AgNext’s website (n.d.) lists an “industry innovation group,” which provides “input on strategic initiatives and programs, acts as a soundboard for new ideas and opportunities, promotes AgNext in the livestock community, helps recruit talent and elevates AgNext on a global scale.” As of May 2023, the majority of the advisory board are leaders of companies that appear to have funded AgNext (ESM 3). According to an off-the-record presentation by Stackhouse-Lawson to the Farm Foundation that was published online, the industry board also reviews communication plans and initiatives and provides input on research planning (Stackhouse-Lawson 2021c). Current and former innovation board members include the Head of Corporate Affairs and Chief Sustainability Officer of JBS USA, the Executive Vice President of RaboBank, and the CEOs of Beef Marketing Group and Five Rivers Cattle Feeding (AgNext n.d.).

AgNext has formed multiple industry partnerships.

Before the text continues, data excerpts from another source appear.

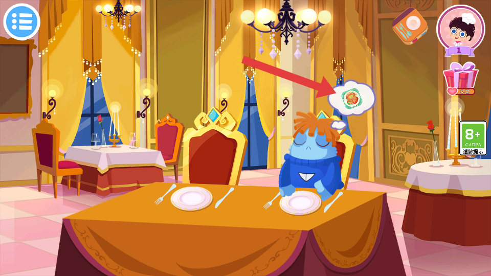 2、顾客入座后,点击红箭头指向的【食物】气泡,确定要制作的菜品。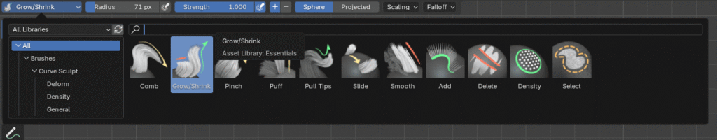 - Para ajustar el largo del pelo deberemos usar el pincel que se encuentra en la pestaña , llamado Grow/Shrink. Además usaremos el pincel Comb para cambiar la dirección del pelo.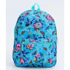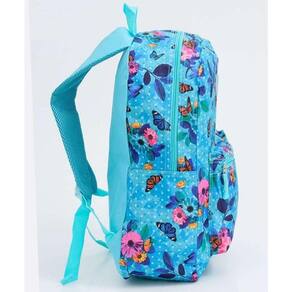 Mochila feminina confeccionada em material lona. Possui estampa flores, borboletas e poá, fechamento por zíper, repartição única, bolso frontal com fechamento por zíper, alça de mão, alças ajustáveis na parte de trás, acabamento e costura no tom. Medidas aproximadas: 42cm de altura29cm de comprimento12cm de largura Informações Adicionais:Tamanho: únicoCores: azulModelo: Mochila Feminina Estampa Flores ClioMaterial: TecidoDetalhes adicionais: zíper, mochila, flores, borboleta, poáMarca: Clio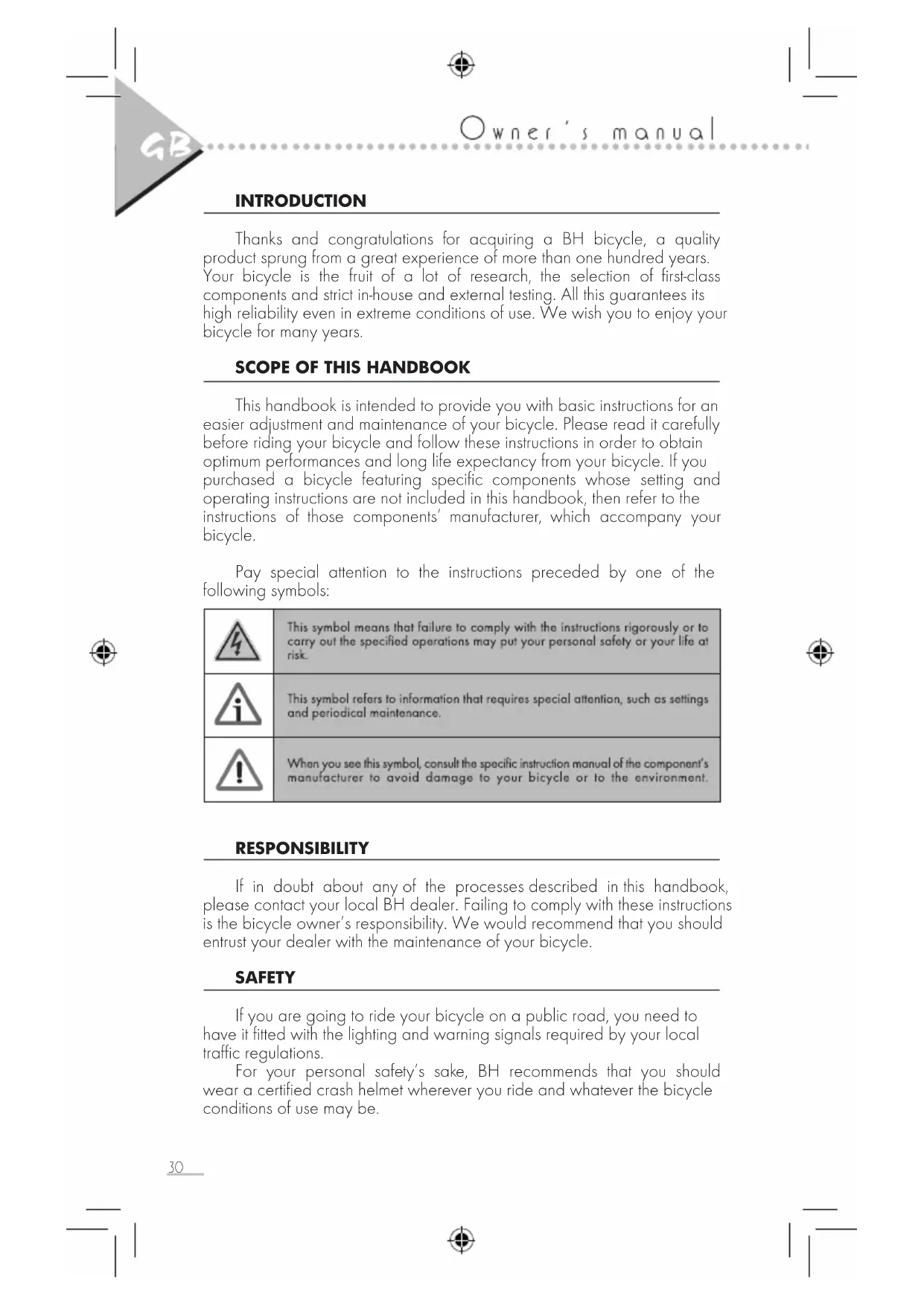 If in doubt about any of the processes described in this handbook, please contact your local BH dealer. Failing to comply with these instructions is the bicycle owner's responsibility. We would recommend that you should entrust your dealer with the maintenance of your bicycle.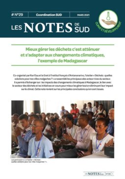 note Mar 2021 ; 5 pages Ed. GRET - Antananarivo GRET - Nogent sur Marne Coordination SUD - Paris Téléchargeable sous format: PdF Téléchargeable chez l'éditeur Résumé: Le secteur des déchets est à l’origine d’une part non négligeable des émissions globales de gaz à effet de serre (environ 3% en Europe en 2017) et représente donc un enjeu important pour la transition écologique. Dans les pays en développement, la difficulté pour les collectivités de mettre en place des filières de collecte et de gestion des déchets efficaces est à l’origine de nombreuses pratiques autonomes non encadrées qui entraînent des impacts négatifs sur la santé, l’environnement et le climat. Améliorer cette gestion, c’est donc apporter de nombreux avantages sociaux, économiques et environnementaux au travers, notamment, d’opportunités en termes de valorisation matière ou énergétique. Cette note aborde ces sujets et revient sur les principales conclusions de l’atelier « Déchets : quelles solutions pour nos villes malgaches ? », co-organisé par Ran’Eau et le Gret à l’Institut français d’Antananarivo. Parmi les sujets traités, les impacts des changements climatiques à Madagascar, le lien avec le secteur des déchets et les initiatives en cours pour mieux les gérer tout en diminuant leur impact sur le climat.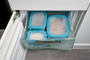 Prostokątne miski dopasowują się do ścianek szafy, lodówki i zamrażarki.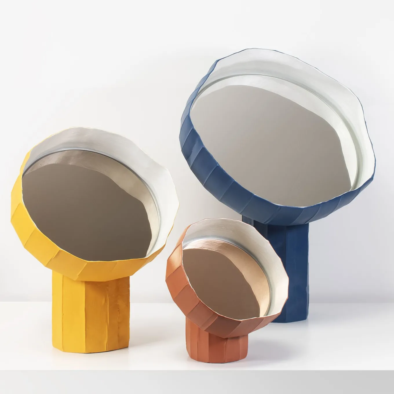 Unmistakably contemporary in its irregular profiles and original combination of materials, this table mirror was designed by Paola Paronetto and Giovanni Botticelli with sunflowers in mind. A subtly faceted texture marks the blue paper clay structure, which features a mirrored glass insert nestled in its corolla-like element. Sculptural and decorative, each piece is entirely unique.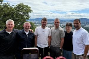 体育资讯09月13日讯 鲁尼赴韩国参加传奇赛,今日鲁尼晒出与众多传奇球星在首尔塔的合影。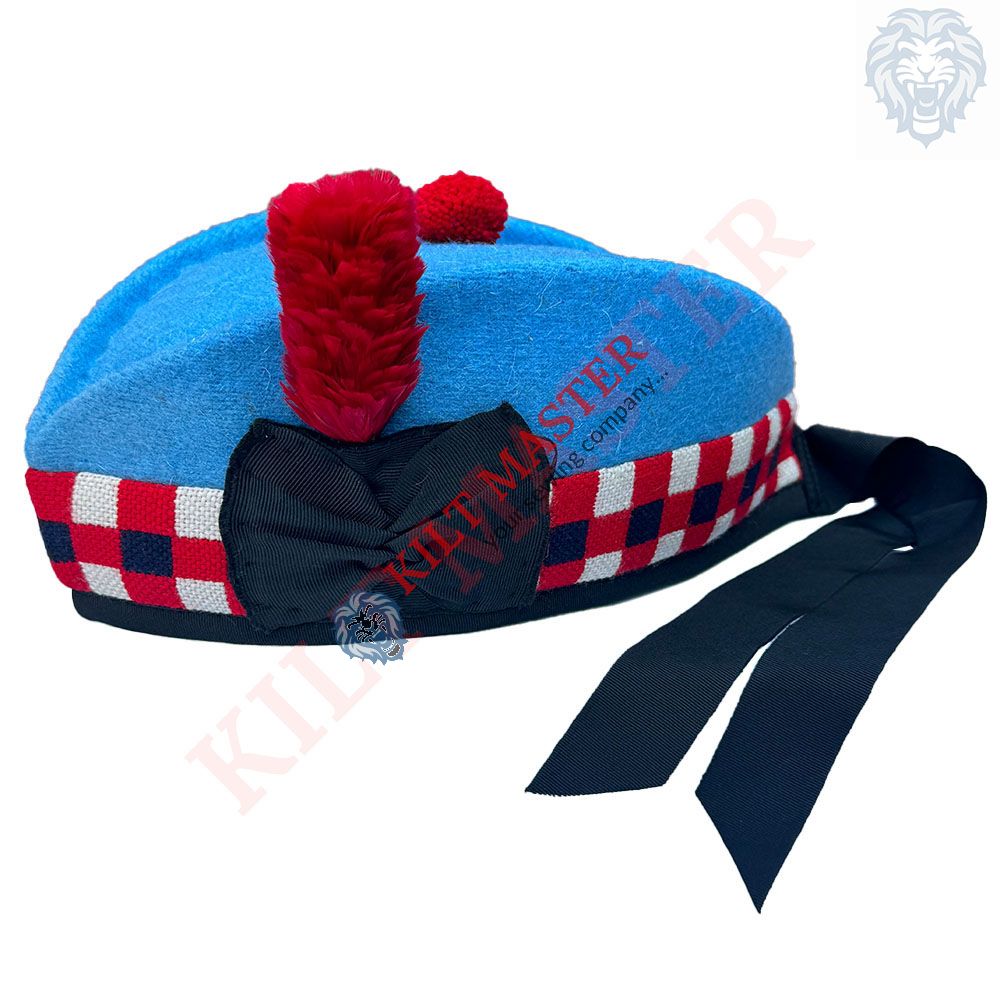 Take a look at the Scottish Classic Glengarry Hat. Made of top-notch wool, this hat has a traditional Scottish design. You'll spot a black cockade and maroon pom-pom that stand out against the sky blue wool body of the hat. The hat also sports a distinct pattern, known as 'dicing', in red, blue and white.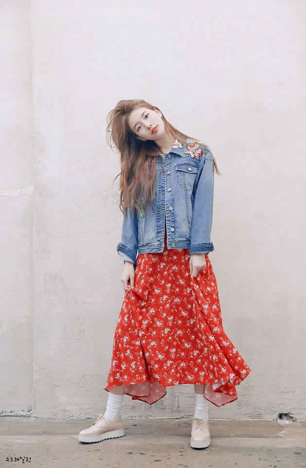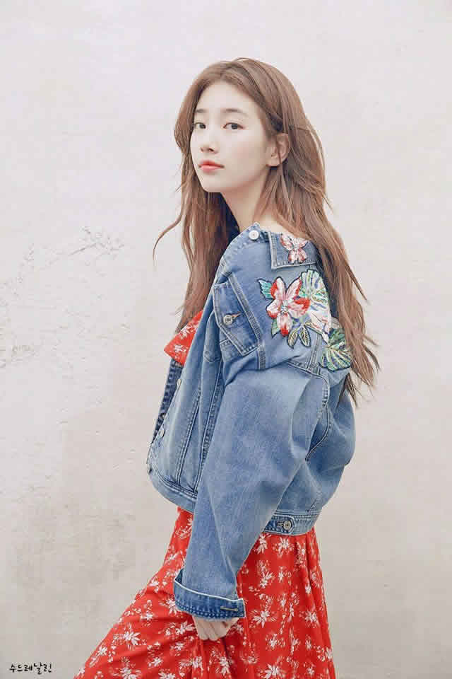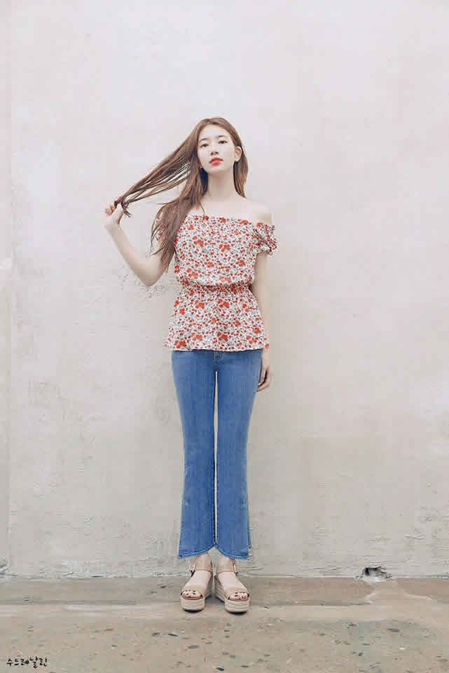 La ropa que se encuentra llevando Suzy pertenece a la nueva colección de esta temporada en Corea del Sur. Los pantalones de bota ancha, las blusas sueltas y las mangas largas son la tendencia que ha adoptado “Guess” hasta finales de año.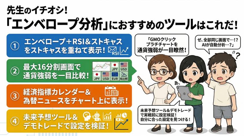 どのツールもデモトレードで試せるから、まずはデモでエンベロープの設定値をいろいろ変えて検証してみて。実弾を使う前に「自分に合った設定」を見つけるのが最短ルートよ。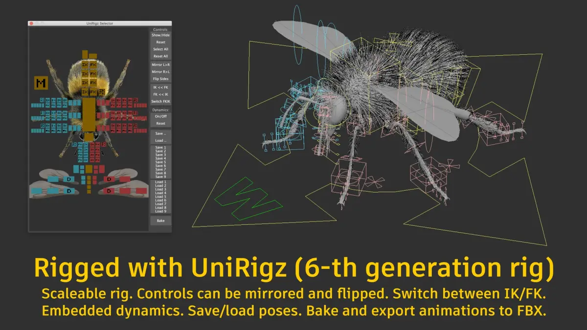 Bumblebee_Rig_Ornatrix_NoDynamics.mb - same as main file, but without dynamics, works faster in viewport.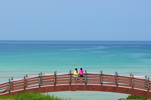 小さな入江に守られたハンドクビーチは波も穏やかで済州島のビーチでは一番好みだった。浅瀬が遠くまで続いているおかげで、エメラルドブルーの水面が一際目立つ。透明度はもちろん抜群で、海の中をちょこまかと泳ぐ魚影も容易く捉えることができる。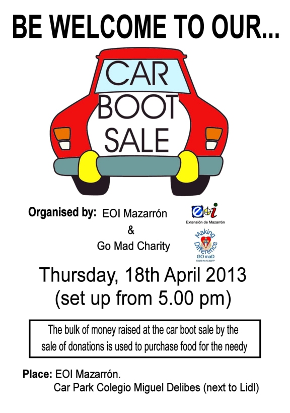 One of the main activities that will be carried out in these days will be the celebration of a “Car Boot Sale”, that consists in a solidarity market organized by the extension of Mazarrón of the EOI and the British charity established in the town “GOmaD charity”, which is helping during some years to disadvantaged social groups of Mazarrón. The organization, and also the students, will bring donated items to sell them.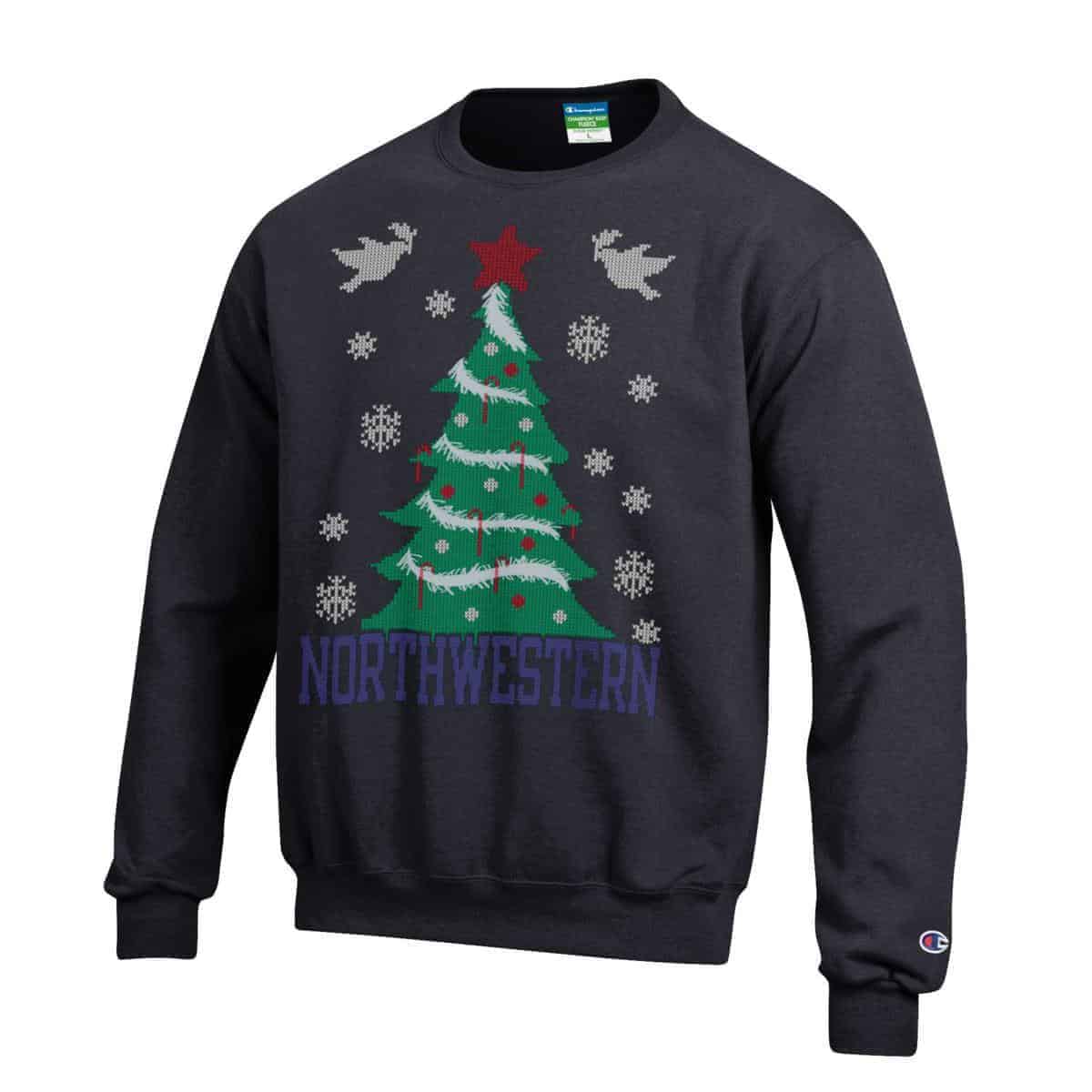 Northwestern University Wildcats Black Christmas Sweatshirt With Tree Design

In 2022, after AgNext announced that it was engaging in cooperative research with the American Hereford Association, the organization’s former executive vice president, who then became director of equine sciences and elite bovine and equine genetics at CSU said, “This is going to help us maintain the license to operate” (AHA 2022). In 2023, after AgNext announced a new “strategic alliance” with Dairy MAX, a dairy council representing 900 dairy farms across seven states, CSU’s press release stated that the strategic alliance “highlight[s] how progressive the agriculture industry is” (AgNext 2023d).

From her academic position, Stackhouse-Lawson has also sought and secured government funding for AgNext. The Colorado General Assembly’s 2022–23 appropriations bill was amended before it passed to include $100,000 in general support for the “AgNext Climate Change Program at Colorado State University” (Goodland 2022; FY 2022–23 Legislative Appropriations Bill 2022; ESM 3). In 2022, Colorado congressmen submitted a $1.35 million funding request to support AgNext (website of Sen Michael Bennett, n.d.; website of Rep. Joe Neguse, n.d.), although the request was not included in the final bill (US Senate Committee on Appropriations 2022). In 2022, CSU announced that Stackhouse-Lawson received funding for a project led by Tyson Foods and funded by a USDA Partnership for Climate-Smart Commodities grant that “will expand climate-smart markets and increase carbon sequestration and reduce emissions in the production of beef and row crops for livestock feed” (Polakovic 2022). In 2023, AgNext received a $1,000,000 grant from the USDA to “generate science-based estimates of CO2-equivalent (CO2e) emissions from livestock grazing and finishing sectors” and “evaluate potential CO2e reductions from conservation practices” (AgNext 2023b).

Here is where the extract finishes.